INFORMATION SUPPLIED:
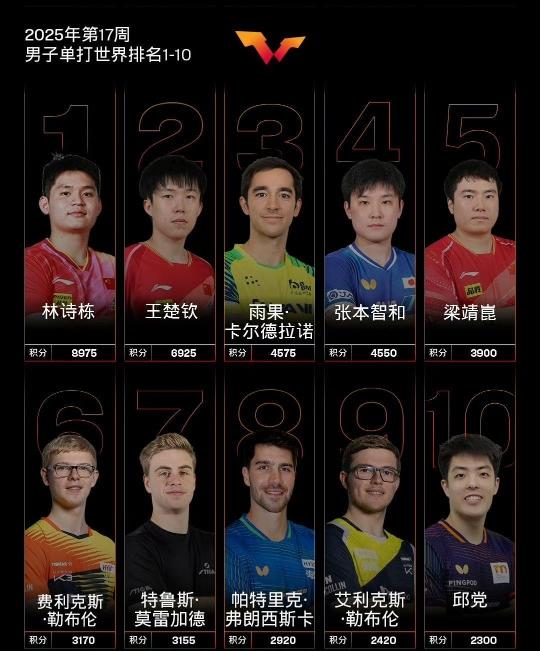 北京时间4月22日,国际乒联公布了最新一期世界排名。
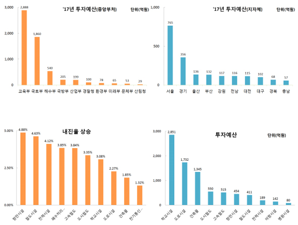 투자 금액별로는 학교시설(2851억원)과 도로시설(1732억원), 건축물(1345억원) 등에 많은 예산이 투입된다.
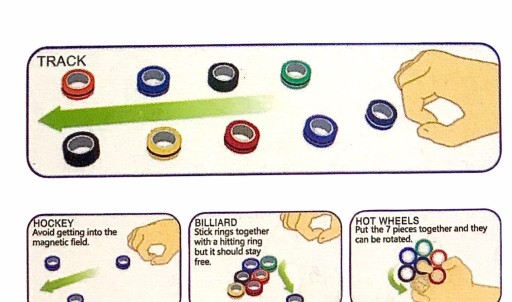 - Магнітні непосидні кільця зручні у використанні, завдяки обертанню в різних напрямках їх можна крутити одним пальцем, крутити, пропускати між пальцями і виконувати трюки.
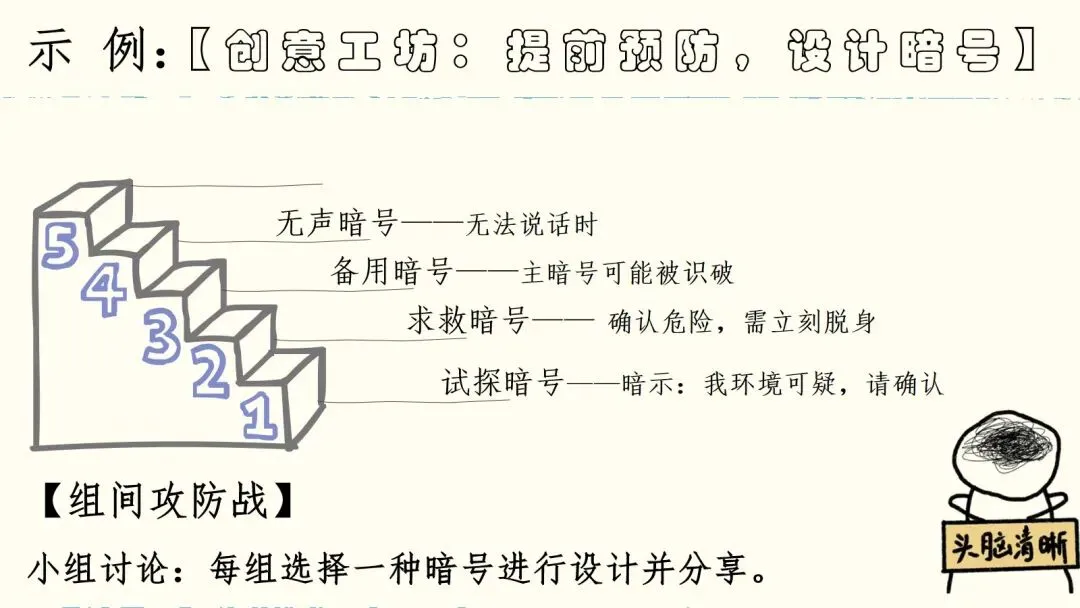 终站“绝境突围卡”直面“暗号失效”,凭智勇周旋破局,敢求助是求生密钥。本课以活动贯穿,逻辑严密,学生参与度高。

WORK TO COMPLETE:
Could you return the listing above exactly, minus its pictures?

EXPECTED OUTPUT:
 北京时间4月22日,国际乒联公布了最新一期世界排名。
 투자 금액별로는 학교시설(2851억원)과 도로시설(1732억원), 건축물(1345억원) 등에 많은 예산이 투입된다.
 - Магнітні непосидні кільця зручні у використанні, завдяки обертанню в різних напрямках їх можна крутити одним пальцем, крутити, пропускати між пальцями і виконувати трюки.
 终站“绝境突围卡”直面“暗号失效”,凭智勇周旋破局,敢求助是求生密钥。本课以活动贯穿,逻辑严密,学生参与度高。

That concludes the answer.